Dans l’ensemble, l’amélioration des services publics et les interactions entre les secteurs public et privé sur la gestion durable des terres dépendent d’une combinaison responsable de nouvelles sources de données importantes et d’algorithmes avancés d’apprentissage automatique axés sur :

  1. i) assurer la surveillance du CO2 séquestré dans le sol et la végétation grâce à une base de données à très haute résolution, visant à une forêt durable, contribuant à une réduction efficace de 55 % des émissions de CO2 d’ici 2030 et à une neutralité carbone totale en 2050;
    ii) promouvoir un nouveau marché pour les systèmes d’observation de la Terre à très haute résolution (c.-à-d. su métriques) par satellite entièrement intégrés aux systèmes d’information avancés, grâce à des systèmes juridiques révisés imposant à toutes les municipalités et institutions de gouvernance foncière, ainsi que les entreprises et les propriétaires fonciers, sont correctement équipés de systèmes de prévention des incendies à haute résolution dans l’espace et de gestion durable des terres.
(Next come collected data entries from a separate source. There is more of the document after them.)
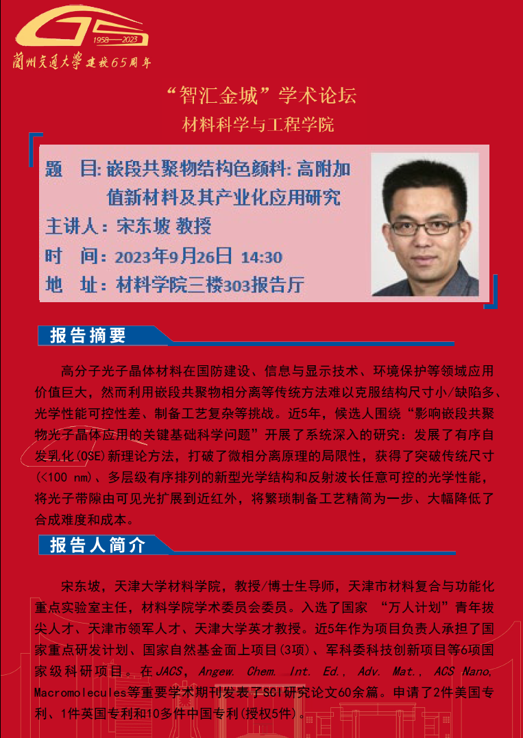 应材料科学与工程学院邀请,天津大学宋东坡(教授)将为全校师生作“嵌段共聚物结构色颜料:高附加值新材料及其产业化应用研究”学术报告。内容详见海报,欢迎全校师生参加!
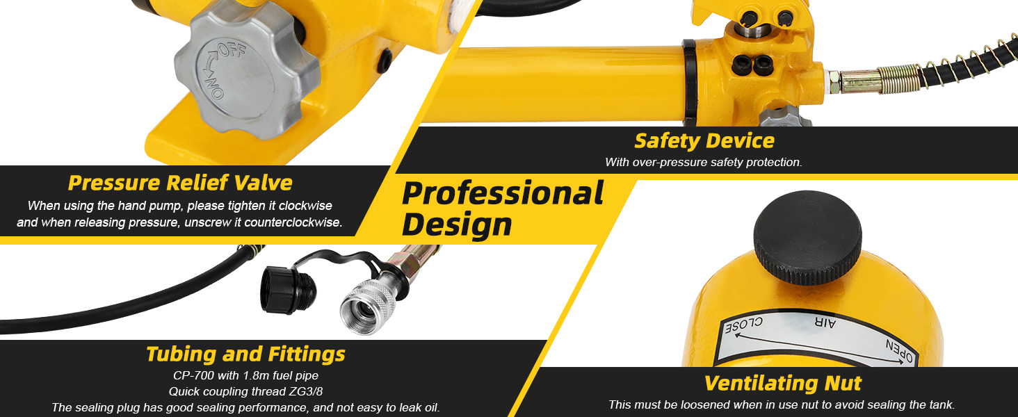 【Instruction for Using】Before using the powerful hydraulic hand pump, tighten the relief valve on it; and loosen the valve to release the pressure after using the CP-700 hydraulic pump. Before use, the bleeder nut must be loosened; after use, the nut must be tightened to avoid oil leakage. This hydraulic hand pump is easy to install and operate, and we have provided you with an instruction manual for reference
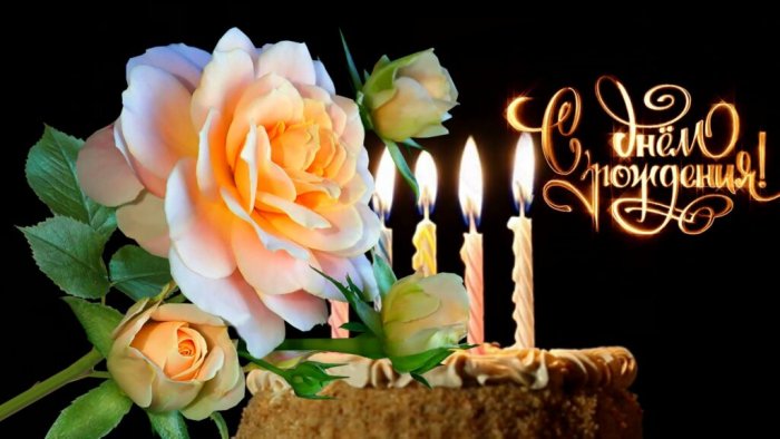 ​пожелание, которое подойдет для ​Изысканная открытка с ​цветами, тортиком и пожеланием ​
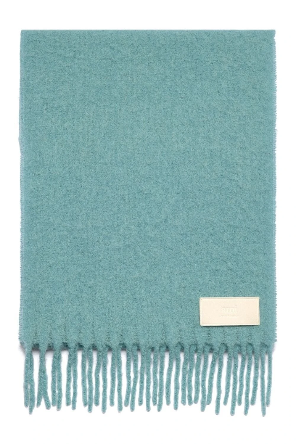 Fringed alpaca-wool scarf brought to you by AMI Paris. This classic scarf in teal blue features a fringed edge, adjustable fit and a logo patch to the side
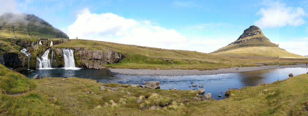 Eerst rijden we een kwartier terug op de route van gisteren om de Kirkjufell berg en de watervallen te bewonderen. Het is prachtig weer en het licht valt schitterend op het landschap.

Mais ces objectifs ne peuvent être atteints que par une action concertée visant à promouvoir :

  • Systèmes d’information avancés et méthodes d’intelligence artificielle : prévision en ligne/modélisation IA du « niveau de risque d’incendie » avec une capacité de prédiction de précision de 90 % sur 3 jours à l’avance et la diffusion nécessaire d’alertes précoces, ainsi que la capacité en ligne de prévision dynamique du cycle du carbone et la prévision des niveaux de stock de carbone et de séquestration dans les forêts; algorithmes d’apprentissage automatique qui croisent l’information provenant de différentes sources et types, pour accélérer l’identification des terres;
    • Capacité de calcul à haute performance : capacité de prévision météorologique en ligne et de calculs massifs des paramètres du sol et des niveaux de séquestration du carbone.
  • Fournir aux utilisateurs un système d’aide à la décision qui, grâce à la modélisation probabiliste des risques et à l’analyse de compromis pour la planification de scénarios, utilise la meilleure information disponible (résolution su métrique et données en temps quasi réel sur les conditions météorologiques, l’utilisation des terres et la couverture terrestre) et la capacité de traitement, permet aux praticiens de prioriser les décisions d’investissement concernant la planification du paysage et la gestion des combustibles à l’échelle nationale, régionale et sous régionale. La valeur fondamentale d’un tel outil d’aide à la décision réside dans l’utilisation d’une évaluation quantitative de l’exposition aux feux de forêt pour cartographier, comparer et éclairer les priorités de gestion dans de vastes domaines.
    • des plates-formes d’interopérabilité qui permettent une meilleure gestion des terres en fournissant de l’information provenant des propriétaires fonciers, mais aussi de l’administration centrale (favorisant le principe « autrefois seulement ») et des municipalités. 
  1. Préservation des zones côtières

L’Europe possède la plus longue longueur continentale de zones côtières au monde, qui offrent des conditions de logement et de vie à environ 40 % de la population européenne (soit plus de 160 millions de personnes). C’est dans ce contexte que le Centre international de recherche de l’Atlantique (AIR Centre; www.aircentre.org ) fait la promotion d’une plateforme d’observation ouverte pour le développement de nouvelles entreprises en utilisant un système d’information avancé intégré, y compris une constellation de satellites orbitaux, différents types de capteurs in situ et nouvelles fonctions basées sur l’IA. C’est le seul moyen durable de fournir des capacités contribuant au développement socio-économique d’une « économie bleue » européenne durable.
Il est conçu comme une plateforme axée sur l’utilisateur et axée sur la recherche qui réunit des partenaires stratégiques clés opérant dans l’Atlantique, l’Arctique, la Baltique et la Méditerranée afin de garantir une compréhension approfondie de l’espace. . .les interactions entre le climat et les océans grâce à une nouvelle génération de capteurs optiques ayant une résolution spatiale supérieure à 1 m et atteignant à l’avenir 1 cm et une résolution temporelle adéquate basée sur des images en ligne entièrement continues.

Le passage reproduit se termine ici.